Task description: Print every entry exactly once more, omitting each picture.

Supplied material:
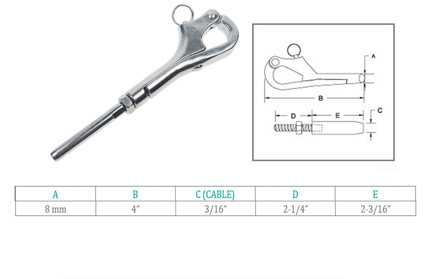 - Stainless Steel 4" Pelican Hook Shackle For 3/16" Cable Wire Sailing Boat Yacht
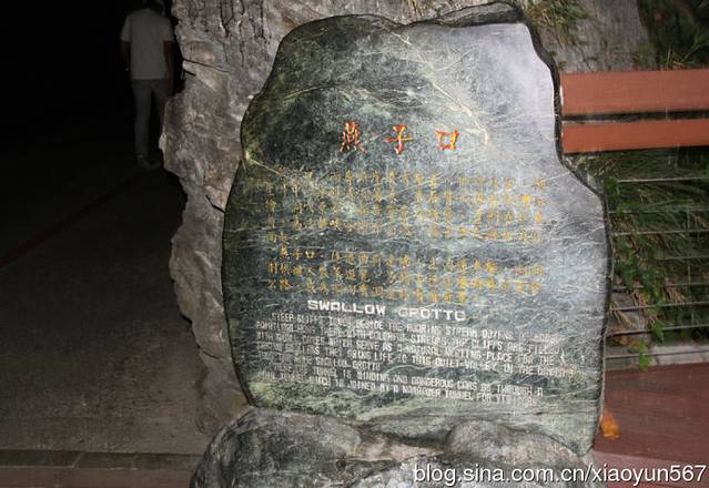 燕子口:两岸大理石峭壁在流水作用下被溶蚀成许多小孔穴,聪明的燕子便以这些小洞为巢,形成“百燕鸣谷”的奇观,故名“燕子口”。但是随着公路上人声、车声的隆隆作响,燕子早已离巢另觅他处安居了。
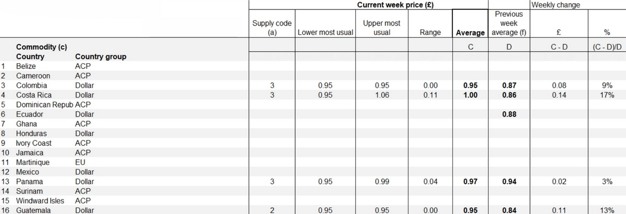 Guatemala displayed a significant price jump, with the average price increasing from £0.84 to £0.95, representing a 13% rise. This notable change suggests potential factors such as increased export costs or seasonal shifts impacting production. Such a rise in Guatemala's banana prices underscores the volatility in global agricultural markets.
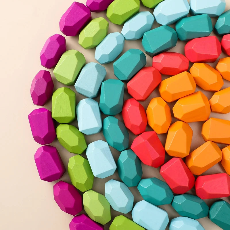 Wooden Rainbow Stones Building Blocks Colorful Wood Toy Block Stacker Balancing Games Montessori Educational Toys for Children
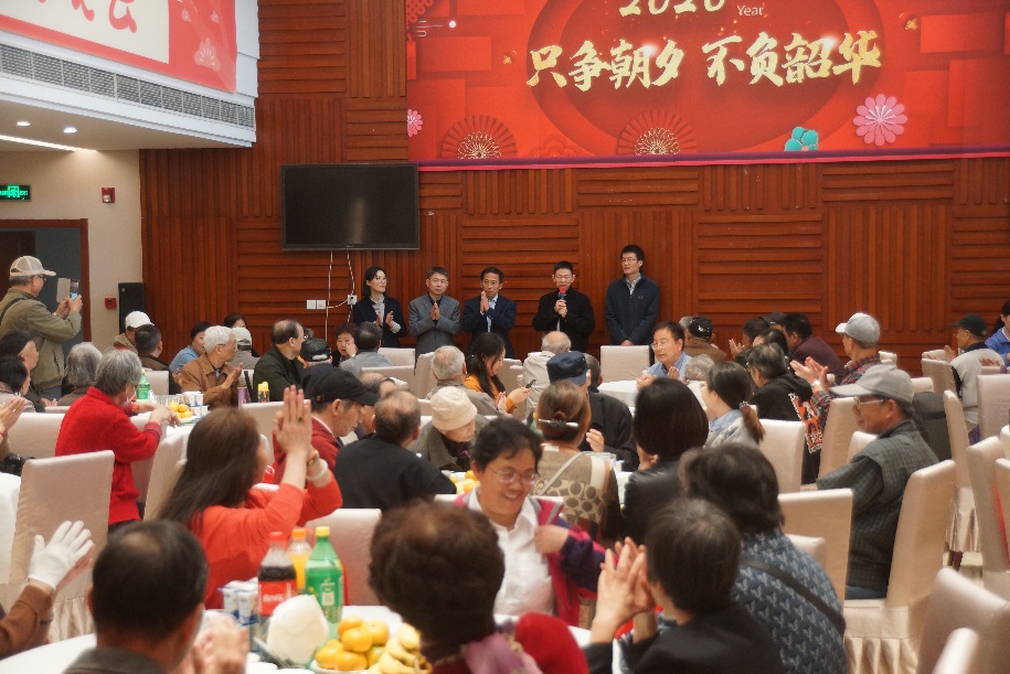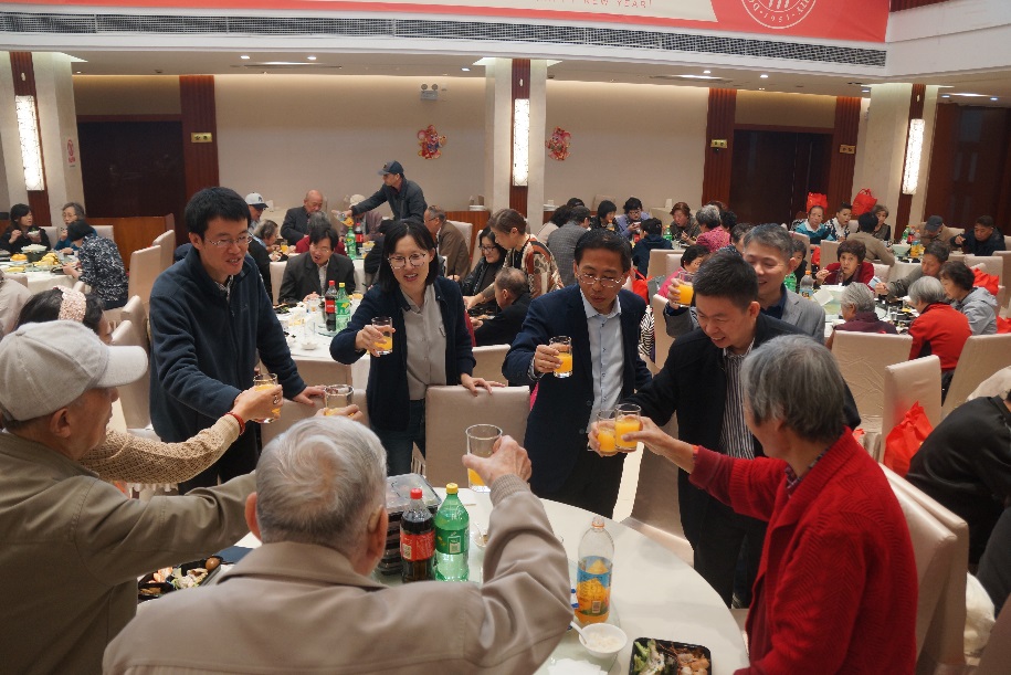 余热未尽献,老骥偷闲。古梅无他求,点红暖人间。一百一十多位退休职工从上海各区赶来,欢声笑语、齐聚一堂。王书记、单经理等公司领导逐一问候每位老同志,向其表达全院师生的关心与问候。

Answer section:
 - Stainless Steel 4" Pelican Hook Shackle For 3/16" Cable Wire Sailing Boat Yacht
 燕子口:两岸大理石峭壁在流水作用下被溶蚀成许多小孔穴,聪明的燕子便以这些小洞为巢,形成“百燕鸣谷”的奇观,故名“燕子口”。但是随着公路上人声、车声的隆隆作响,燕子早已离巢另觅他处安居了。
 Guatemala displayed a significant price jump, with the average price increasing from £0.84 to £0.95, representing a 13% rise. This notable change suggests potential factors such as increased export costs or seasonal shifts impacting production. Such a rise in Guatemala's banana prices underscores the volatility in global agricultural markets.
 Wooden Rainbow Stones Building Blocks Colorful Wood Toy Block Stacker Balancing Games Montessori Educational Toys for Children
 余热未尽献,老骥偷闲。古梅无他求,点红暖人间。一百一十多位退休职工从上海各区赶来,欢声笑语、齐聚一堂。王书记、单经理等公司领导逐一问候每位老同志,向其表达全院师生的关心与问候。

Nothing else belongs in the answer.